[PATCH net-next v8 0/5] net: devmem: improve cpu cost of RX token management

Bobby Eshleman posted 5 patches 1 month ago
There is a newer version of this series
Documentation/netlink/specs/netdev.yaml           |  12 +++
Documentation/networking/devmem.rst               |  70 +++++++++++++
include/net/netmem.h                              |   1 +
include/net/sock.h                                |   7 +-
include/uapi/linux/netdev.h                       |   1 +
net/core/devmem.c                                 | 114 ++++++++++++++++++----
net/core/devmem.h                                 |  13 ++-
net/core/netdev-genl-gen.c                        |   5 +-
net/core/netdev-genl.c                            |  10 +-
net/core/sock.c                                   | 103 ++++++++++++++-----
net/ipv4/tcp.c                                    |  76 ++++++++++++---
net/ipv4/tcp_ipv4.c                               |  11 ++-
net/ipv4/tcp_minisocks.c                          |   3 +-
tools/include/uapi/linux/netdev.h                 |   1 +
tools/testing/selftests/drivers/net/hw/devmem.py  |  21 +++-
tools/testing/selftests/drivers/net/hw/ncdevmem.c |  19 ++--
16 files changed, 389 insertions(+), 78 deletions(-)
[PATCH net-next v8 0/5] net: devmem: improve cpu cost of RX token management
Posted by Bobby Eshleman 1 month ago
This series improves the CPU cost of RX token management by adding an
attribute to NETDEV_CMD_BIND_RX that configures sockets using the
binding to avoid the xarray allocator and instead use a per-binding niov
array and a uref field in niov.

Improvement is ~13% cpu util per RX user thread.

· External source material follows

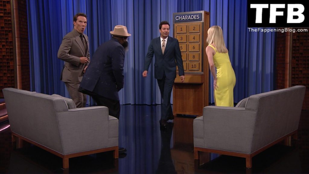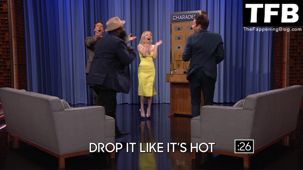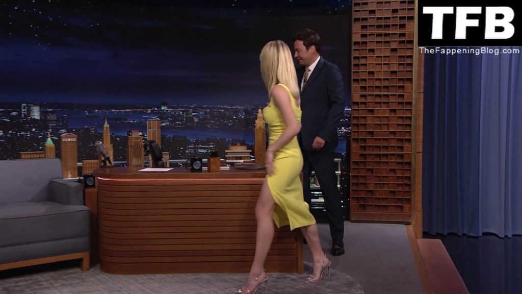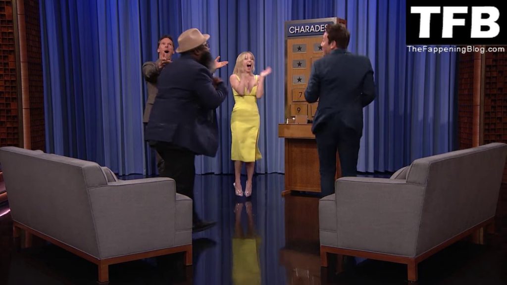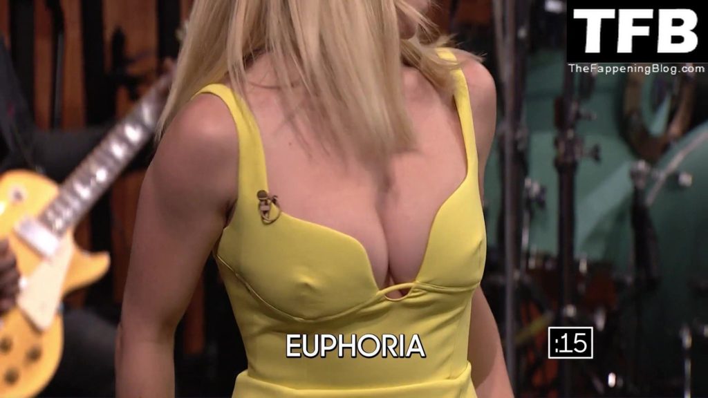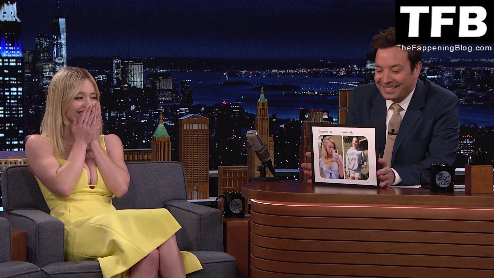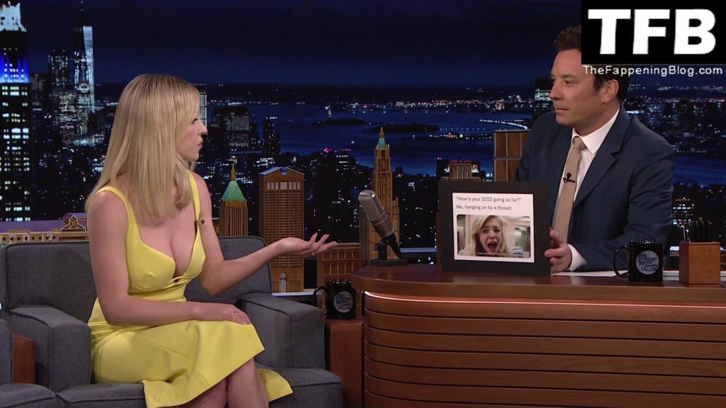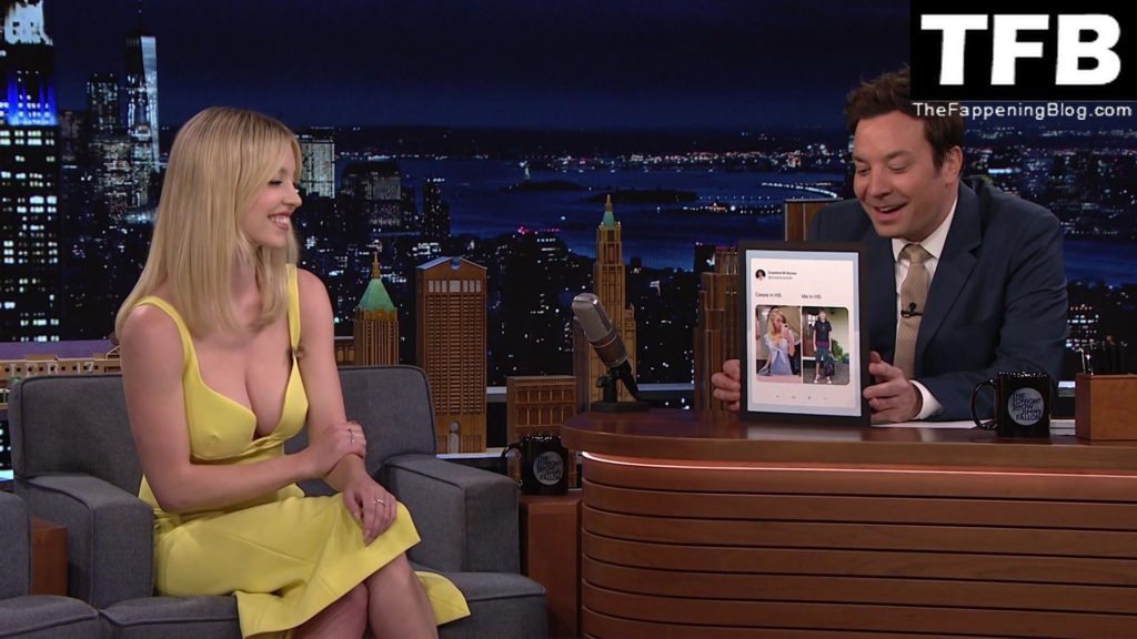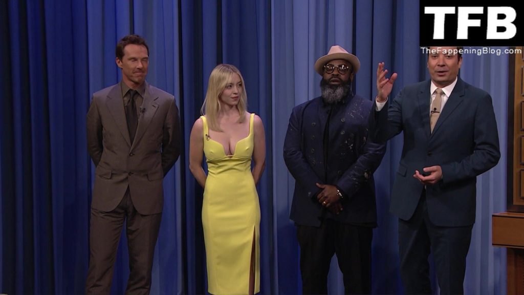Sydney Sweeney mostra il suo sexy décolleté e lascia intravedere il capezzolo nello show “The Tonight Show with Jimmy Fallon” (maggio 2022).

Using kperf, the following results were observed:

Before:
	Average RX worker idle %: 13.13, flows 4, test runs 11
After:
	Average RX worker idle %: 26.32, flows 4, test runs 11

Two other approaches were tested, but with no improvement. Namely, 1)
using a hashmap for tokens and 2) keeping an xarray of atomic counters
but using RCU so that the hotpath could be mostly lockless. Neither of
these approaches proved better than the simple array in terms of CPU.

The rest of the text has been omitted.